Hapishanelerde pek çok sağlık hakkı ihlali yaşandığını kaydeden İHD, “2020 yılı başından bugüne kadar tespit edebildiğimiz kadarıyla  89 hasta mahpus yaşamını yitirmiştir. Bunların 23’ü Covid-19 nedeniyle yaşamını yitirmişken, 6’sı ise ölüm sınırına geldiklerinde tahliye edilmiş ve çok kısa bir zaman içinde ise yaşamlarını yitirmişlerdir” diye ekledi.

“Hasta mahpuslar bir devlet politikası olarak ya hapishanelerde ölüme terk edilmekte ya da hastalıkları nedeniyle ölüm sınırında tahliye edilmektedir. Bu durum açıkça yaşam hakkı ihlalidir” diyen İHD, taleplerini şöyle sıraladı:

-Hapishanelerde bulunan ağır hasta mahpusların tümü tam teşekkülü herhangi bir hastane raporuna istinaden derhâl salıverilmeli, tedavileri ailelerinin yanında sürdürülmeli ve sağlık sigortası devlet tarafından karşılanmalıdır,

-Resmi olmayan açıklamalara göre sadece 2020 yılında Adli Tıp Kurumu’nun 1330 kişiye hapishanede kalabilir raporu vermiştir. Tedavi ve bakım süreçlerinin hapishane koşullarında yürütülmesininimkansız olduğu mahpuslar için dahi ‘hapishanede kalabilir’ raporları verenAdli Tıp Kurumu, sağlık sebebiyle infazın ertelenmesi raporlarında son ve tek merci olmaktan çıkarılmalıdır,

-Sağlık sebebiyle infazın ertelenmesi kararlarında cumhuriyet savcılarının takdir yetkisi kaldırılmalı, hastanelerin verdiği raporlar esas alınarak cezaların infazları ertelenmelidir;

-Hasta mahpusların infaz ertelemesi önündeki “toplum güvenliği bakımından tehlike” kriteri kanundan çıkarılmalıdır,

-Hasta mahpusların infaz ertelemesinin önündeki engel teşkil eden infaz kanununun 25. maddesindeki “infaza ara verilemeyeceğine” dair düzenleme ile 107. maddenin 16 fıkrasındaki düzenleme kaldırılmalıdır,

-AİHM’nin Kaytan/Türkiye kararı uyarınca mahpusların müddetnamelerinde yaşları ve sağlık durumları dikkate alınarak tahliye olabilecekleri uygun bir tarih yer almalıdır,

-AİHM’nin Gülay Çetin/Türkiye kararında belirttiği hususlara uyulmalı, hasta mahpusların tahliye edilmemesinin AİHS’nin 3. maddesinin ihlali olduğu hatırda tutulmalıdır,

-5275 sayılı Ceza İnfaz Yasası’nın 16. Maddesi uyarınca; ihtiyaç duydukları tedaviye hapishanede erişemeyen ağır hasta mahpusların gerekli tedavilerinin dışarıda gerçekleşmesi için tam teşekküllü hastanelerin sağlık kurulları ve bağımsız hekimlerin düzenleyeceği raporlar üzerine, ağır hasta mahpusların infazlarının ertelenmesi sağlanmalıdır.
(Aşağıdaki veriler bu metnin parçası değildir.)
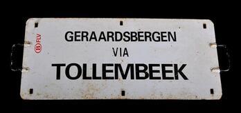 TitelRitbord voor de trein naar Geraardsbergen via Tollembeek

-Bizler insan hakları savunucuları olarak, ayrım gözetilmeksizin ve siyasi konjonktüre göre davranılmaksızın başta ağır  hasta mahpuslar olmak üzere bütün hasta mahpusların serbest bırakılmasını;  hasta mahpusların sağlık hakkına erişimlerinin sağlanmasını, hasta mahpusların tam teşekküllü hastanelerde tedavilerinin yapılmasını talep ediyoruz. Özgürlüğünden yoksun bırakılan kişilerin yaşam hakları konusunda devletlerin pozitif yükümlülük altında olması nedeniyle bir kez daha Adalet Bakanlığını ve tüm yetkili kurumları sorumluluk almaya davet ediyoruz.